**About this task**
Beginning with the top line of the listing below, give again every line up to and including the line with "A VICTORIAN DISPLAY"; pictures do not belong in the copy.

**Dataset content**
--- START ---

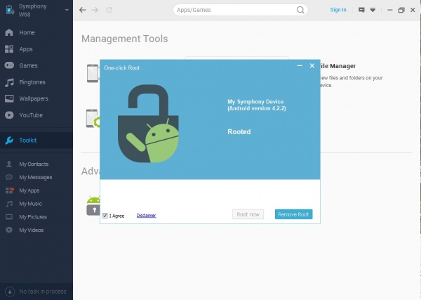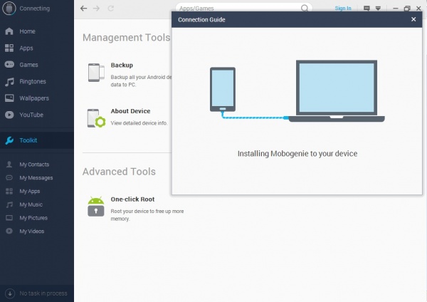 এখন Mobogenie সফ্টওয়্যারটির Toolkit অপশানটিতে যান এবং One Click Root এ ক্লিক করুন এবং অপেক্ষা করুন।
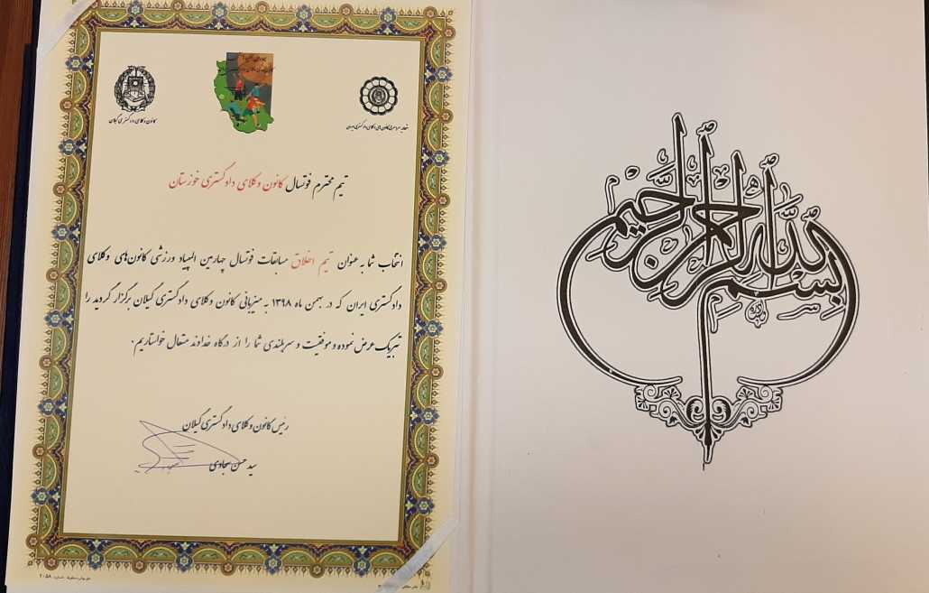 به گزارش روابط عمومی کانون وکلای دادگستری خوزستان، تیم فوتسال کانون خوزستان که در چهارمین دوره المپیاد ورزشی کانون های وکلای داگستری در گیلان حضور داشت به عنوان تیم اخلاق این مسابقات برگزیده شد. همچنین فرید حداد بازیکن این تیم به عنوان بهترین گلزن، جایزه آقای گلی مسابقات را کسب کرد. کانون وکلای دادگستری خوزستان این موفقیتها رو حضور اعضای تیم فوتسال کانون تبریک عرض میکند.
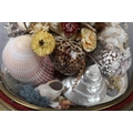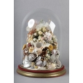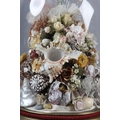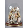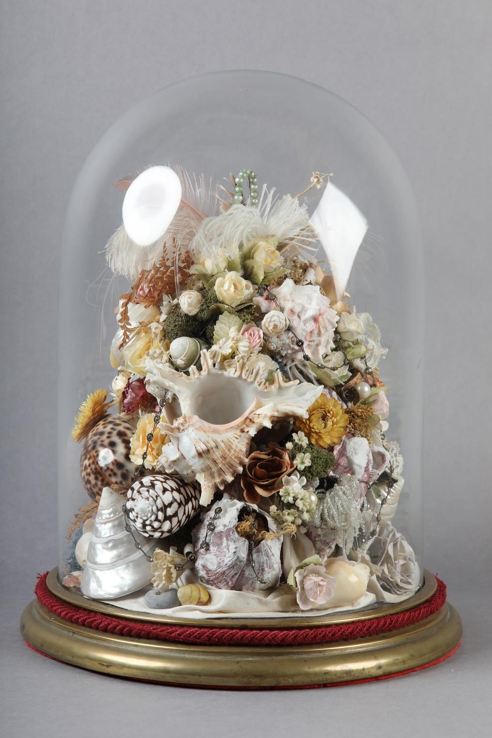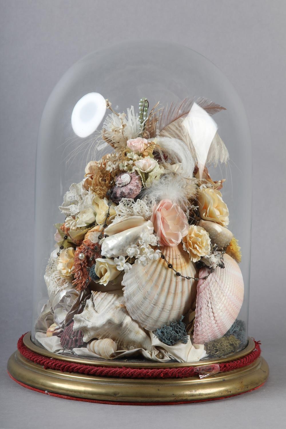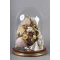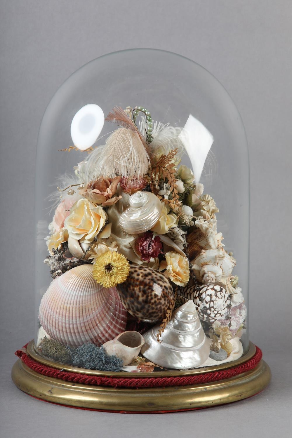 A VICTORIAN DISPLAY OF SHELL, FEATHERS AND DRIED FLOWERS, under a glass dome with circular brass plinth base, 39.5cm high x 31cm diameter
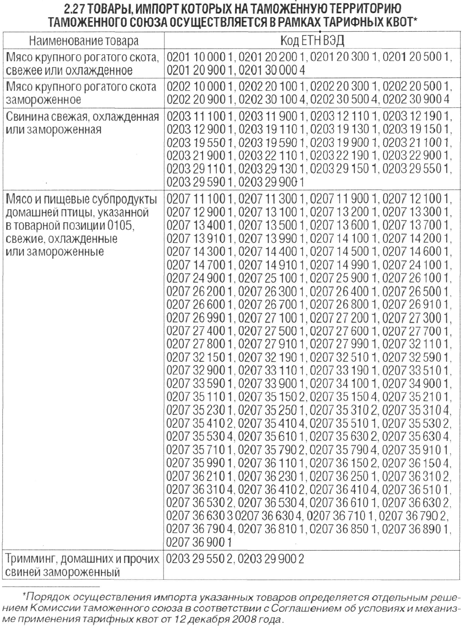 2.27 Товары, импорт которых на таможенную территорию таможенного союза осуществляется в рамках тарифных квот

--- END ---

**Answer space**
 এখন Mobogenie সফ্টওয়্যারটির Toolkit অপশানটিতে যান এবং One Click Root এ ক্লিক করুন এবং অপেক্ষা করুন।
 به گزارش روابط عمومی کانون وکلای دادگستری خوزستان، تیم فوتسال کانون خوزستان که در چهارمین دوره المپیاد ورزشی کانون های وکلای داگستری در گیلان حضور داشت به عنوان تیم اخلاق این مسابقات برگزیده شد. همچنین فرید حداد بازیکن این تیم به عنوان بهترین گلزن، جایزه آقای گلی مسابقات را کسب کرد. کانون وکلای دادگستری خوزستان این موفقیتها رو حضور اعضای تیم فوتسال کانون تبریک عرض میکند.
 A VICTORIAN DISPLAY OF SHELL, FEATHERS AND DRIED FLOWERS, under a glass dome with circular brass plinth base, 39.5cm high x 31cm diameter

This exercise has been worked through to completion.